Work order
Lines to be reproduced exactly: the one that holds "拼版照片:广西大新县宝圩乡那" and all those after it through the end of the data. Include no others.

(Stored data entries)
BEGIN

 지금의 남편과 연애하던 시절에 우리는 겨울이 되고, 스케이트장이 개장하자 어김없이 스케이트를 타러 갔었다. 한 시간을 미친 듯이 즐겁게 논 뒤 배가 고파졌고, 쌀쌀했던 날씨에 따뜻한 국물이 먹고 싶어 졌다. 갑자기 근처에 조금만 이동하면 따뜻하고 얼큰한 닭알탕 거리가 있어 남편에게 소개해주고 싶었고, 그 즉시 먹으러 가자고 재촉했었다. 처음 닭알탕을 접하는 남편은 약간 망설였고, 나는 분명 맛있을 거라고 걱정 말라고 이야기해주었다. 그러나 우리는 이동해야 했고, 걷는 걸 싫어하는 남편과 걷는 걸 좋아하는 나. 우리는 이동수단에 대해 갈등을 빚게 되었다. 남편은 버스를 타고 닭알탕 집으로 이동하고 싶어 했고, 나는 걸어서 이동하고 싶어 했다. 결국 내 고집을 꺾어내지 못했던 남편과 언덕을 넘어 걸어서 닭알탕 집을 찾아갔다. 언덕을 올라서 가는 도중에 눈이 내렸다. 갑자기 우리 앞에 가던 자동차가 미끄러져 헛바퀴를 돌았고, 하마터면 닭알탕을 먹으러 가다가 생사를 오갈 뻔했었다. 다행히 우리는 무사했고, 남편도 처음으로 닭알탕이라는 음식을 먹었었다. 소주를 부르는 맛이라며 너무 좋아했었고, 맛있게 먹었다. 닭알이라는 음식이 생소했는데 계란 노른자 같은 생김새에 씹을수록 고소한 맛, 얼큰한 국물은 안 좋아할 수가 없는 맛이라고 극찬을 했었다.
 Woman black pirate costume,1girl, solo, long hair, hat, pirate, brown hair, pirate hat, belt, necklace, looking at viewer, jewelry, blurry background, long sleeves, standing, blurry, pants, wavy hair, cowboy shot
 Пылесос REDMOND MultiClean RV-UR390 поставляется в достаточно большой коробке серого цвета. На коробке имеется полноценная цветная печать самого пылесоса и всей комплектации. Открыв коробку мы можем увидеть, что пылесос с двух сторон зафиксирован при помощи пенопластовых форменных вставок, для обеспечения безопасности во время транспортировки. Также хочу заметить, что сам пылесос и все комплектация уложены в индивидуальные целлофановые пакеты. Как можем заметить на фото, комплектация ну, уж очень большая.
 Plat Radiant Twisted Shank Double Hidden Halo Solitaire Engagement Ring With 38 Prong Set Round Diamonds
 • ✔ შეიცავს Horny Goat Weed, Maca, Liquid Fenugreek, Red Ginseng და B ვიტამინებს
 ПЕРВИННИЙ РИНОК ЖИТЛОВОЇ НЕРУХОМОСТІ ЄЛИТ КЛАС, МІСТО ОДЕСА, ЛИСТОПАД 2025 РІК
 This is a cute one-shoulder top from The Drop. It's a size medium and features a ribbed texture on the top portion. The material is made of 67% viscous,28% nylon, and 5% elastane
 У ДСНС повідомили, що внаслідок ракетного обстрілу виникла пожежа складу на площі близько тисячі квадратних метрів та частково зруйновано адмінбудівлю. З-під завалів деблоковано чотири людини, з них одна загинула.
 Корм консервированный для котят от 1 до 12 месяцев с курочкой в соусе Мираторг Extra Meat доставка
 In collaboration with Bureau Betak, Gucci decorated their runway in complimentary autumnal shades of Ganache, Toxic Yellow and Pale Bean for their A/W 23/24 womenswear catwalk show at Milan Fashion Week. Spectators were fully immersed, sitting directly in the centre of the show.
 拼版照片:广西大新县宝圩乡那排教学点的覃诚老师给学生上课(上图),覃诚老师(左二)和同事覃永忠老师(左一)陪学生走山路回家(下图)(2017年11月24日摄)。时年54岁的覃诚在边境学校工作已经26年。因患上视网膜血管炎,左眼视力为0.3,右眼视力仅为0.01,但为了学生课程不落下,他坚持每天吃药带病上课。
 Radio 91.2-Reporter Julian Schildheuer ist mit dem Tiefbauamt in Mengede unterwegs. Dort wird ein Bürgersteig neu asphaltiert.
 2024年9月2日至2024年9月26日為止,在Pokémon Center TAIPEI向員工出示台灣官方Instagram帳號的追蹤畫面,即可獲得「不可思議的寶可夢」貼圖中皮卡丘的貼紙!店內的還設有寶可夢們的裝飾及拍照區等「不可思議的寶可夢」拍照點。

END

Answer box
 拼版照片:广西大新县宝圩乡那排教学点的覃诚老师给学生上课(上图),覃诚老师(左二)和同事覃永忠老师(左一)陪学生走山路回家(下图)(2017年11月24日摄)。时年54岁的覃诚在边境学校工作已经26年。因患上视网膜血管炎,左眼视力为0.3,右眼视力仅为0.01,但为了学生课程不落下,他坚持每天吃药带病上课。
 Radio 91.2-Reporter Julian Schildheuer ist mit dem Tiefbauamt in Mengede unterwegs. Dort wird ein Bürgersteig neu asphaltiert.
 2024年9月2日至2024年9月26日為止,在Pokémon Center TAIPEI向員工出示台灣官方Instagram帳號的追蹤畫面,即可獲得「不可思議的寶可夢」貼圖中皮卡丘的貼紙!店內的還設有寶可夢們的裝飾及拍照區等「不可思議的寶可夢」拍照點。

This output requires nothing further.